First, the EU has granted Lichtenstein a semi-permanent exemption from EU free movement rules. Lichtenstein is a small mountain state, and when it joined the EEA in 1995 it negotiated a protocol which has allowed it to restrict EU migration to 72 permits per year. This is reviewed every five years.
Second, the EEA agreement has a ‘safeguard’ (art 112) mechanism within it which would allow a state to resile from a treaty provision if “serious economic, societal or environmental difficulties of a sectorial or regional nature liable to persist are arising, a Contracting Party may unilaterally take appropriate measures..”
To take the first argument. The UK is arguably suffering extreme population pressure, but it is probably not acute enough to persuade the EU that the UK deserves a special protocol of the type that previously eluded David Cameron. The UK is not Lichtenstein, we are not a micro-state that the EU can afford to make an exception for. In any case, this is not a permanent opt-out, and if mirrored would require the UK to go through a process every five years – a very uncertain basis for a new relationship.
The second argument is superficially attractive but is highly implausible.

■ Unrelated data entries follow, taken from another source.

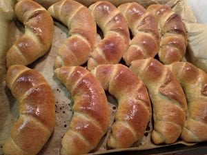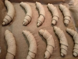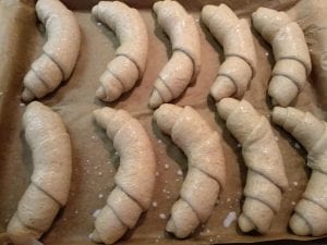 Először bedagasztom a tésztát majd 10percig pihentetetem. Ezután kifliket formázunk, és 40 perc kelesztjük.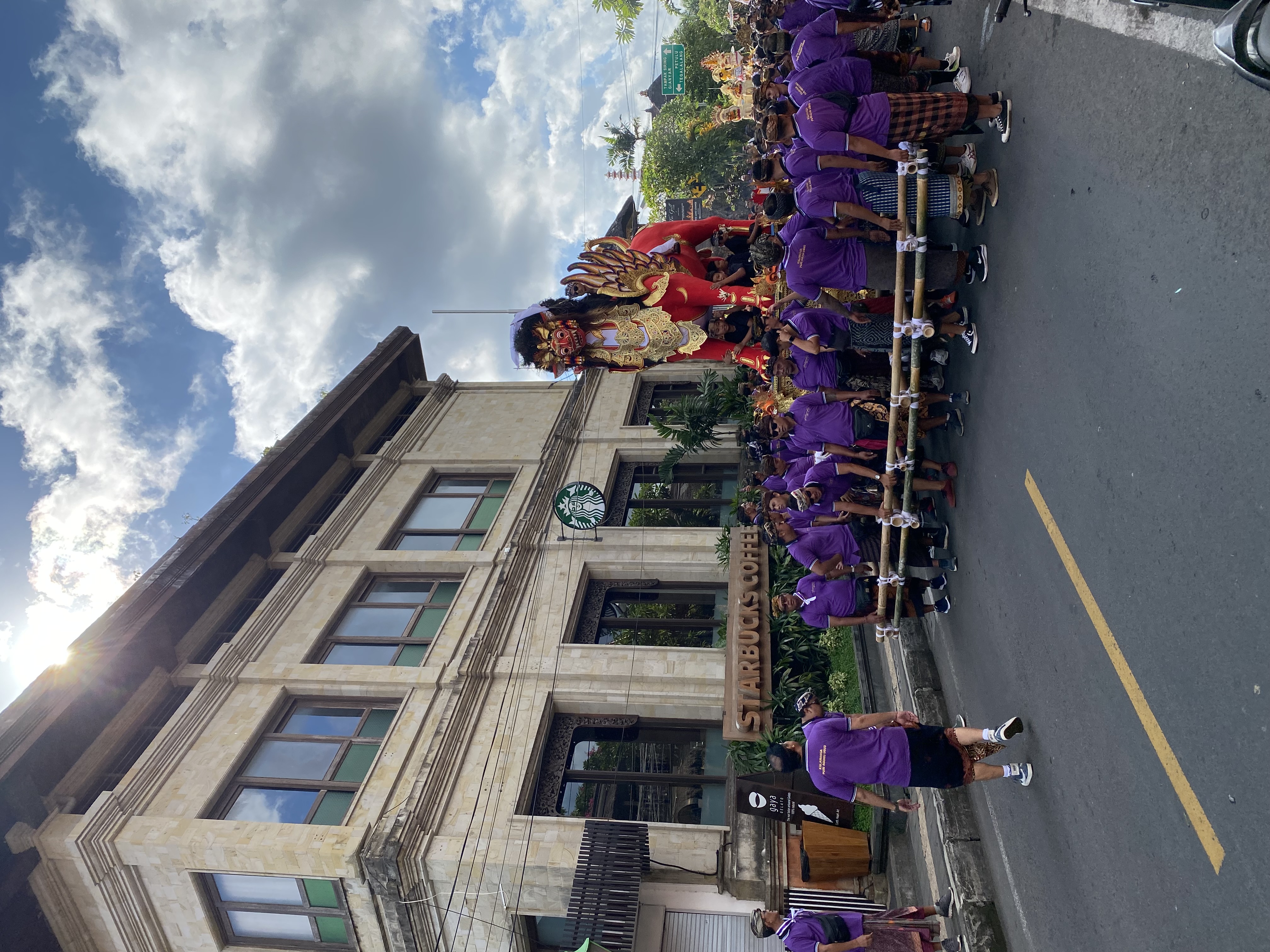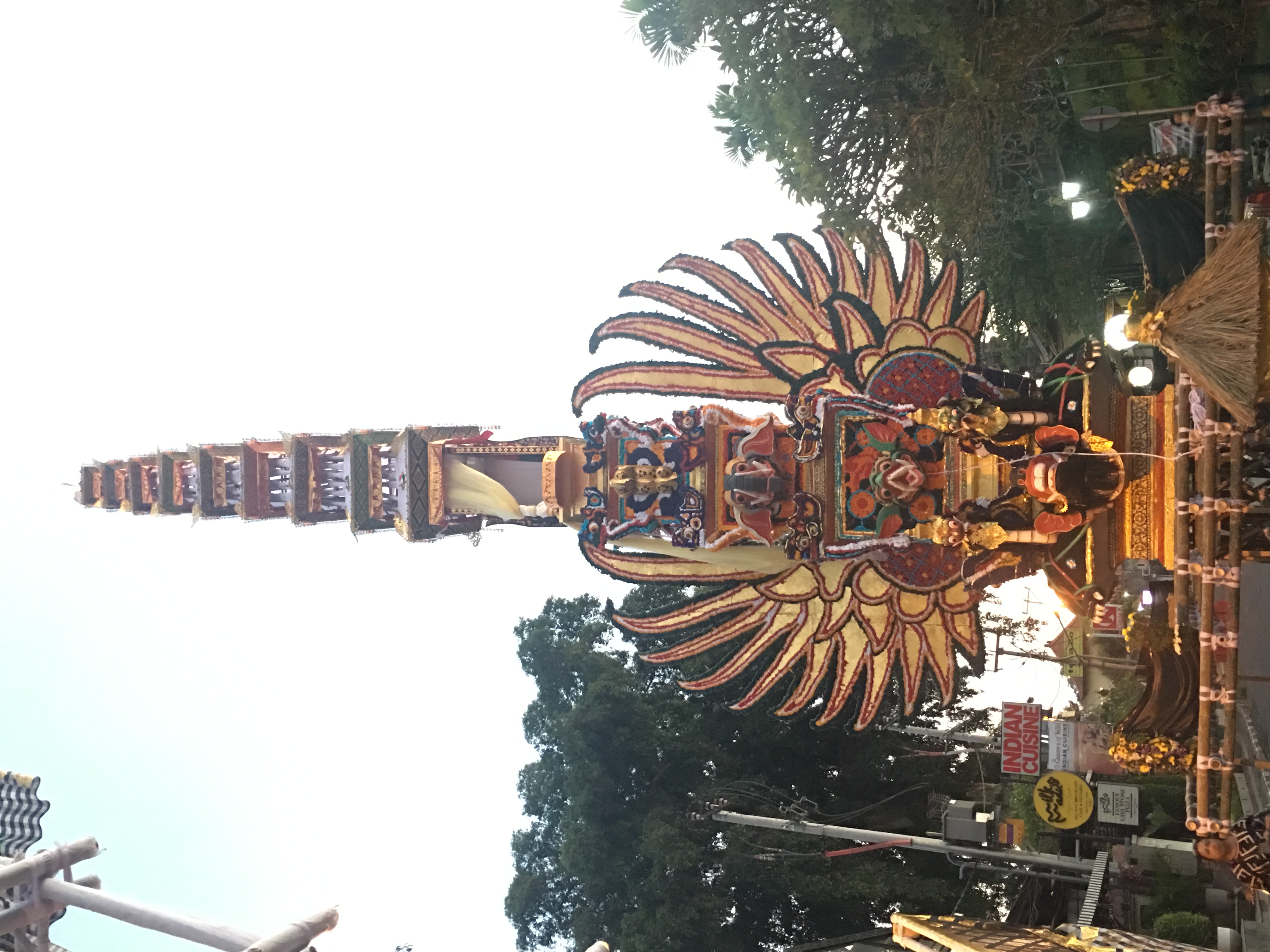 The parade will start at the Ubud soccer field and will head towards the main crossroad (the meeting place of the demons). Beforehand, there will be a Perang Api (fire war) to start the parade.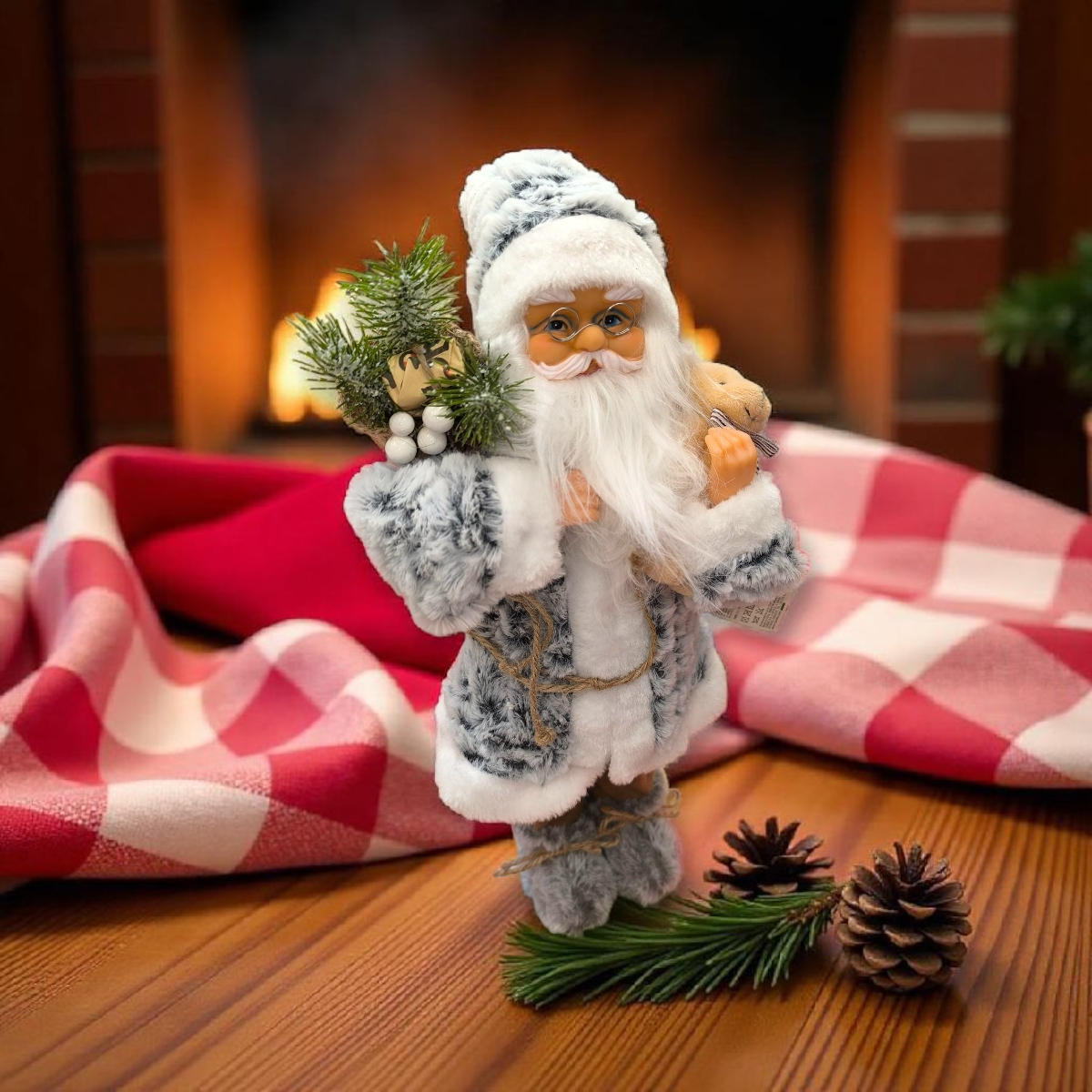 Bájos, valósághű Mikulás figura, amely szürke-fehér öltönyben, kesztyűben, ajándékokkal teli táskával és aranyos kis mackóval érkezik. A 30 cm magas dekoráció tökéletes választás az ünnepi hangulat megteremtésére, akár a nappaliban, komódon vagy ablakpárkányon elhelyezve. Részletgazdag kidolgozásával és puha szőrmeszegélyével a karácsony meghitt varázsát hozza el otthonodba.

It would require the UK to provide evidence and explain why its measures were appropriate in a way that would satisfy an unsympathetic EU. In Cameron’s renegotiation these factors were hard fought over, were time-limited and related to benefits. If the UK announced it was to join the EEA, but would immediately and permanently override its rules, using the safeguard mechanism, it is unlikely that the UK would be allowed to join by the other 30 states who would need to agree. In any case, the EFTA Court has itself adopted much of the EU’s case law on free movement. The UK would end up in a running dispute with the EU, which would leave it expending all its political capital. It is not an option that is designed to give states control over migration policy – and not would it.
Since EEA membership would not allow the UK to control EU migration it would not respect the result of the referendum – or even the will of the Labour Party’s Brexit spokesman Keir Starmer, who has illogically calls for migration to be reduced while seemingly sticking up for the internal market/EEA. Membership of the EEA would leave the UK trapped in the majority of the EU policy areas without a say on its future direction or the ability to benefit from the opportunities of Brexit. It is time that Labour abandoned this idea.
Rather than reprise the arguments of the past, the UK should ditch the language of the EEA. We do not want “membership” of the internal market as we are leaving the EU and becoming “external”. Instead, we want access to the internal market, most favoured nation status or a reciprocal trade deal.
The Prime Minister on Sunday rightly restated that “not going to be a member of the EU any longer…We will be able to have control of our borders, control of our laws.” Membership of the EEA is incompatible with this aim and should be consigned to history.